|Peter Boettke|
I was flying back from Paris on Monday when the announcement was made of the award to Sargent and Sims. When I turned on my phone, I had multiple messages from family, friends and former students asking for my reaction to the prize. My reaction is both one of great respect for the brilliance of Sargent and Sims (and acknowledgment for what they did within economics to change thought and practice), and a deep sense of dread for what their contributions represent to the state of economic thought and practice. Yes, the political economy implications of some of the earlier work done by Sargent is consistent with my own priors. Yes, the critique of Keynesian theory and empirics was welcomed. But both Sargent and Sims represent scientism run amok, and the attitude (especially of Sargent) has further killed scholarship in economics and political economy in the search for more rigorous science.
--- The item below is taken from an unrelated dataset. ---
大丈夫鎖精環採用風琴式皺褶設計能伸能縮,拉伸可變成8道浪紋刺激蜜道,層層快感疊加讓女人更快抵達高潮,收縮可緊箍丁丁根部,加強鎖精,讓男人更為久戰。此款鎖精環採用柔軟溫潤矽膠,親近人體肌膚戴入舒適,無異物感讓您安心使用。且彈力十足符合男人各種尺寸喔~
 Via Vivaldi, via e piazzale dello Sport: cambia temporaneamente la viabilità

David Henderson is more positive, Tyler Cowen I would say even more so, and Arnold Kling less so. Ironically, my position is somewhere between Cowen and Kling, as laid out above. Cowen's summary of the contributions and their influence on the profession is excellent. Kling's reaction to that influence I think is correct, but I think the situation is much worse than his dismissal as historically unimportant suggests. Economics was transformed in the post WWII period, and the contributions of Sargent and Sims in the 1970s and 1980s deepened that transformation. In the earlier part of that transformation scientism and statism was aligned, with Lucas and Sargent that alignment was broken, but still the commitment to scientism deepened.
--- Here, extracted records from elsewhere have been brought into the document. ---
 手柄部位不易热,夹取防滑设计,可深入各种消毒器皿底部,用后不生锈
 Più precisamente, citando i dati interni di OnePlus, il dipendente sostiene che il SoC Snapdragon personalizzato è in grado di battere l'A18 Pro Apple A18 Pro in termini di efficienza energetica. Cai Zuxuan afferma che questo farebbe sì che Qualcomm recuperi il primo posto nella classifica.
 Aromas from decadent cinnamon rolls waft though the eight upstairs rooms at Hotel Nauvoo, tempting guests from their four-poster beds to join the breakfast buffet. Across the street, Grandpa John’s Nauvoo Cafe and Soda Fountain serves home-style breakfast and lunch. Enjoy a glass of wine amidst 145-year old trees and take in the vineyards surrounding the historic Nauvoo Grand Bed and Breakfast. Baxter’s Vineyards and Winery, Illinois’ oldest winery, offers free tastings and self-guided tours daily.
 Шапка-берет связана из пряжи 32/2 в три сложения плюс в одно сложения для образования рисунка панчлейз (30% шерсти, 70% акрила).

Hayek's The Counter-Revolution is much more than a critique of the social engineering mentality. It is a critique of scientism. We know that scientism kills scholarship, but it also kills science. As Cowen points out in his analysis of Sims, the contribution is much more methodological than substantive. Cowen might not agree with my interpretation, but that sums up the problem perfectly. The great sociologists Peter Berger has argued that a preoccupation with method in the sciences of man has the same impact on performance of the practitioner of the sciences of man as a preoccupation with method does in lovemaking.
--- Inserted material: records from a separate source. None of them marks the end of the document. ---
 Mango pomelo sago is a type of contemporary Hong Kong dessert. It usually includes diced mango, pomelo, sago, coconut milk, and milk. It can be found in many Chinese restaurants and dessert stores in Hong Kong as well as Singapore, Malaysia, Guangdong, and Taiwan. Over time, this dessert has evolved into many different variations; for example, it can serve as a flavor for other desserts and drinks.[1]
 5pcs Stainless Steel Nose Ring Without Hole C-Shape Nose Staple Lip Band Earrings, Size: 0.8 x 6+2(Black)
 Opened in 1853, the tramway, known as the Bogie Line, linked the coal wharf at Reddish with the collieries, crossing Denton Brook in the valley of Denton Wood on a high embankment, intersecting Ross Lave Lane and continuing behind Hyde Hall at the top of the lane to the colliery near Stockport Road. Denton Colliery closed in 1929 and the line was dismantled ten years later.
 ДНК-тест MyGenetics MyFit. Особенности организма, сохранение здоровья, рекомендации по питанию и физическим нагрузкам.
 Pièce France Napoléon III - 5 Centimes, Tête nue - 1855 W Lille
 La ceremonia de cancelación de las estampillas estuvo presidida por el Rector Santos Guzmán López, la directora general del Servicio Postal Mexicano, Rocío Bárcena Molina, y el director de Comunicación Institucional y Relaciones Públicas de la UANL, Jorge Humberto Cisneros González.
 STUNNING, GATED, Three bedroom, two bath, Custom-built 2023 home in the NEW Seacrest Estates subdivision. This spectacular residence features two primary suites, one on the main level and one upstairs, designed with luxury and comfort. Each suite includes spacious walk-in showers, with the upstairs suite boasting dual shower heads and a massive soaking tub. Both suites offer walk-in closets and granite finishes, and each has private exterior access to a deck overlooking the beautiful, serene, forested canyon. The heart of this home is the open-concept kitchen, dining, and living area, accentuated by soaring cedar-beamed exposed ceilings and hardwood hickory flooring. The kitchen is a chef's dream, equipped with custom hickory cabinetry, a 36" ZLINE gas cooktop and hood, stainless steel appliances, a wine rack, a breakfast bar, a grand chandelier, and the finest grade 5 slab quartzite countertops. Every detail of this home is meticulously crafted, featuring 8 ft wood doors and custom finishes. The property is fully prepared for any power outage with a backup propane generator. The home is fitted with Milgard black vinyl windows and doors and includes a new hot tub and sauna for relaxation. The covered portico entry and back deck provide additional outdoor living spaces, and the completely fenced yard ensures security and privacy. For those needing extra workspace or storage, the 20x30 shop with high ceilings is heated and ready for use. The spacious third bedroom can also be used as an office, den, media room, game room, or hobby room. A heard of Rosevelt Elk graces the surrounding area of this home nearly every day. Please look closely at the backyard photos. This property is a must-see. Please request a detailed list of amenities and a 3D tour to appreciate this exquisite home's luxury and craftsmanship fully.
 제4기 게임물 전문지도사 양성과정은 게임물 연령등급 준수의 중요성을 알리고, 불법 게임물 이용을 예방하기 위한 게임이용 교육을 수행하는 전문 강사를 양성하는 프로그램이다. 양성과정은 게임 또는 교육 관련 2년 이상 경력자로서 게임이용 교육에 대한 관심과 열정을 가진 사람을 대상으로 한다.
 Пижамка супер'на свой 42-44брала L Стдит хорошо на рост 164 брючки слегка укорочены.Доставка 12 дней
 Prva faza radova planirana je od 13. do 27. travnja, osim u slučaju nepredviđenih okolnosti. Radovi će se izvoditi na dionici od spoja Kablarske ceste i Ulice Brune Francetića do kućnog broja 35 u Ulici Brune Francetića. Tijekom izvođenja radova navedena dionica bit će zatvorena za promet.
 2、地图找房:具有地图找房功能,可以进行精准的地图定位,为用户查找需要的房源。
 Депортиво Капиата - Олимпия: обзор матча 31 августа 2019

What unified "mainstream" economists in the post WWII transformation of the discipline was a methodological commitment to a model and measure program (philosophically justified by some weird mix of formalism and positivism). Prior to WWII what united economists was a commitment to a set of proposition about how the economy operated, and getting at those propositions could be achieved through a variety of languages and methods.
Sargent and Sims made major contributions to the way economics is currently practiced. They helped kill methodological and analytical diversity in economic science. And that is the problem.